Scrivere con ADHD: come abbracciare il caos creativo 🖤

Cari lettori del mistero e dell’ignoto, c’è una domanda che rimbalza spesso nei salotti della psicologia da bancone e nei post motivazionali: “Come fai a scrivere così se stai male?“. Oppure: “La terapia non rischia di spegnere la tua scintilla?“. Oggi voglio usare il prompt di WordPress uscito in questi giorni per affrontare questi pregiudizi.

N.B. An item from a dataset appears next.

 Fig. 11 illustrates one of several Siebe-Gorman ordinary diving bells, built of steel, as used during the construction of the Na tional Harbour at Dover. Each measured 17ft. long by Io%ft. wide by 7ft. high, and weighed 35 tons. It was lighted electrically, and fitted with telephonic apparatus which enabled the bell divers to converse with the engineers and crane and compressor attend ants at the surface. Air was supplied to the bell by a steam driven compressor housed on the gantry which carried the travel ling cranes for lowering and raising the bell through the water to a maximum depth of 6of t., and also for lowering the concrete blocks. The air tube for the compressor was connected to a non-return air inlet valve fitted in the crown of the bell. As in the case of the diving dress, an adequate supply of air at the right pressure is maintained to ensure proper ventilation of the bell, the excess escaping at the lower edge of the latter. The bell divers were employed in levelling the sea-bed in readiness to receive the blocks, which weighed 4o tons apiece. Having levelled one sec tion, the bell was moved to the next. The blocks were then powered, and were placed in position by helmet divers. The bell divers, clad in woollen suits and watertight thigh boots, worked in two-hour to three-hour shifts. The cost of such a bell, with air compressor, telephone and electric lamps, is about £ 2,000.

La risposta alle domande di sopra è semplice, ed è scomoda: la maggior parte delle persone non capisce che la salute mentale non è un traguardo di “normalità”, ma una negoziazione continua con il proprio caos. E che la scrittura non è il premio, ma il bisturi con cui eseguiamo l’operazione. La diagnosi deve essere vista come una bussola, non come una gabbia in cui rinchiudere il proprio sè.

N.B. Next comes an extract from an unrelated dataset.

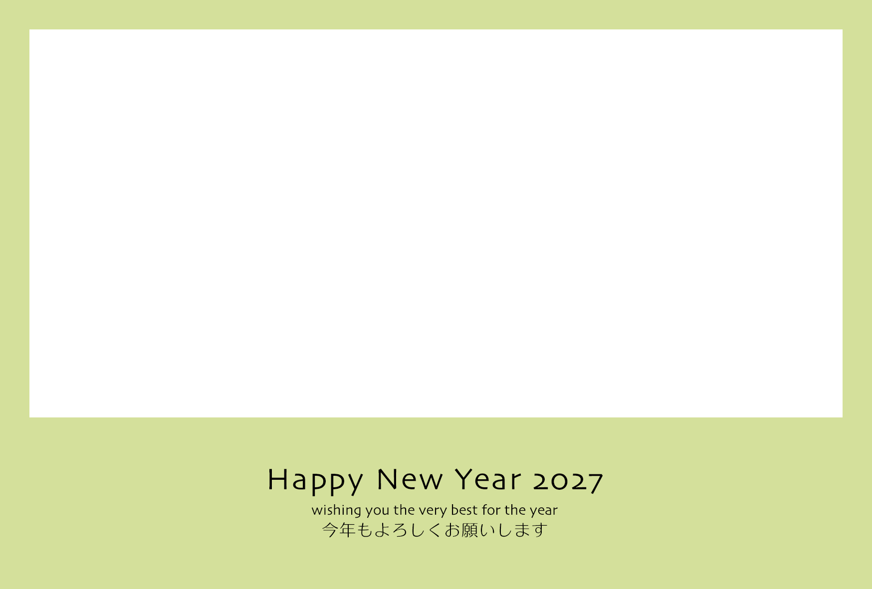 2027年(令和9年)の年始挨拶に。家族の写真や思い出を鮮やかに伝える、写真フレームタイプの年賀状テンプレートです。

Per anni ho vissuto con un rumore di fondo che non sapevo nominare. Poi è arrivata la parola: ADHD.La maggior parte delle persone pensa che ricevere una diagnosi di questo tipo sia un limite, una scusa per l’inconcludenza. Per me è stata la decodifica di un linguaggio alieno. Ho passato due anni in terapia non per “guarire”, perché non c’è nulla da guarire in un cervello che funziona in modo diverso, ma per accettare il mio mondo emotivo.

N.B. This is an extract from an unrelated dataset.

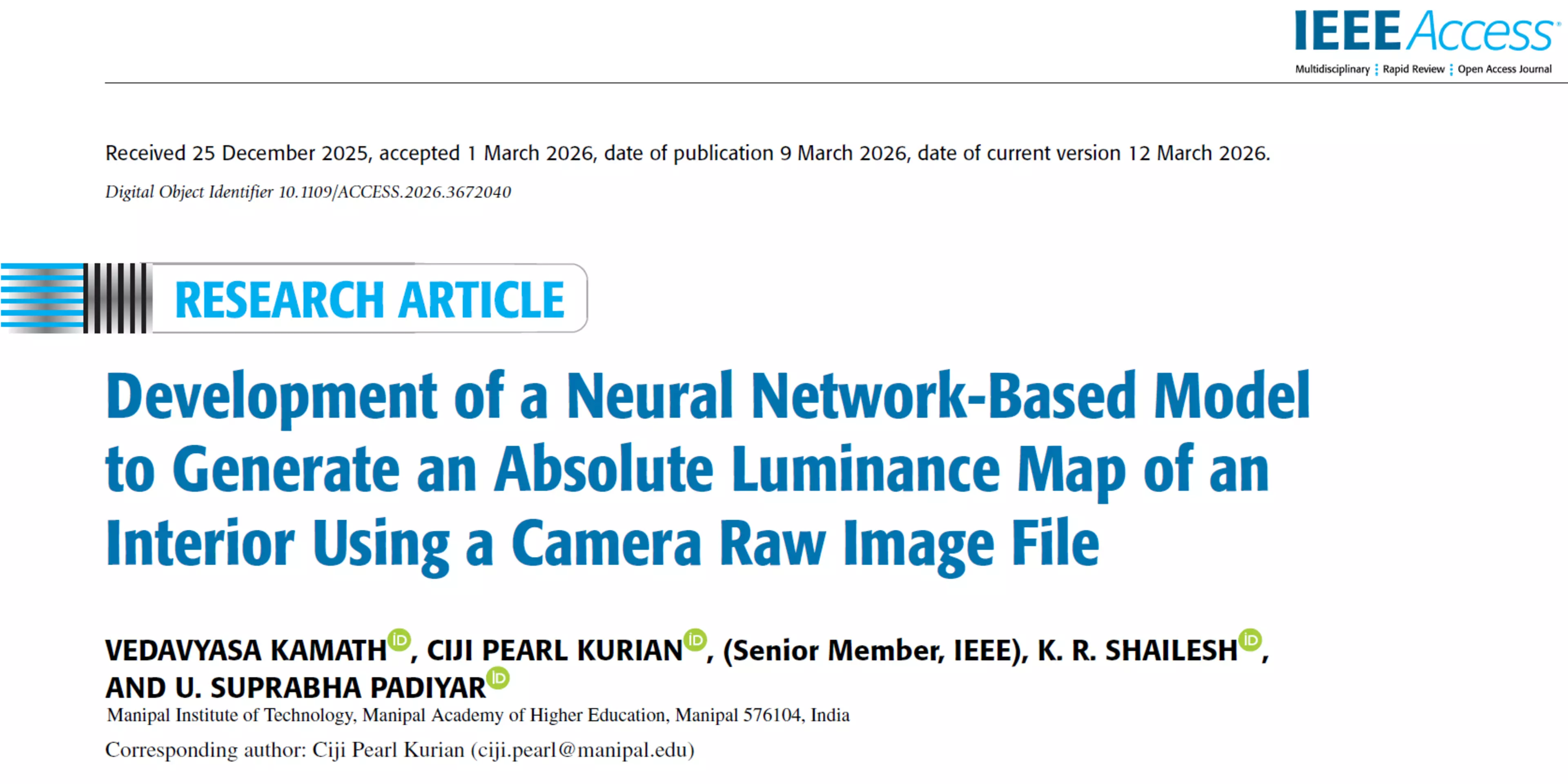 Source IEEE Access - Research Article: VEDAVYASA KAMATH , CIJI PEARL KURIAN AND U. SUPRABHA PADIYAR (2025)

La mia paura più grande? Che l’ADHD rendesse la mia immersione nei personaggi “sporca”, frammentata, non abbastanza buona. Temevo che la mia mente, incapace di stare ferma, non potesse offrire ai lettori quella qualità millimetrica che cerco. Ma ecco cosa per i più è incomprensibile: la perfezione non esiste, esiste solo la verità. Ho imparato che la mia capacità di “dissociare”, di saltare tra i pensieri, di sentire tutto con un’intensità quasi insopportabile, non è un difetto di fabbrica. È ciò che mi permette di dare ai miei personaggi una carne che scotta. La mia scrittura non è buona nonostante l’ADHD, ma grazie a esso. È il mio punto di partenza per capirmi, per rielaborare i punti di forza e trasformare i punti deboli in pilastri narrativi.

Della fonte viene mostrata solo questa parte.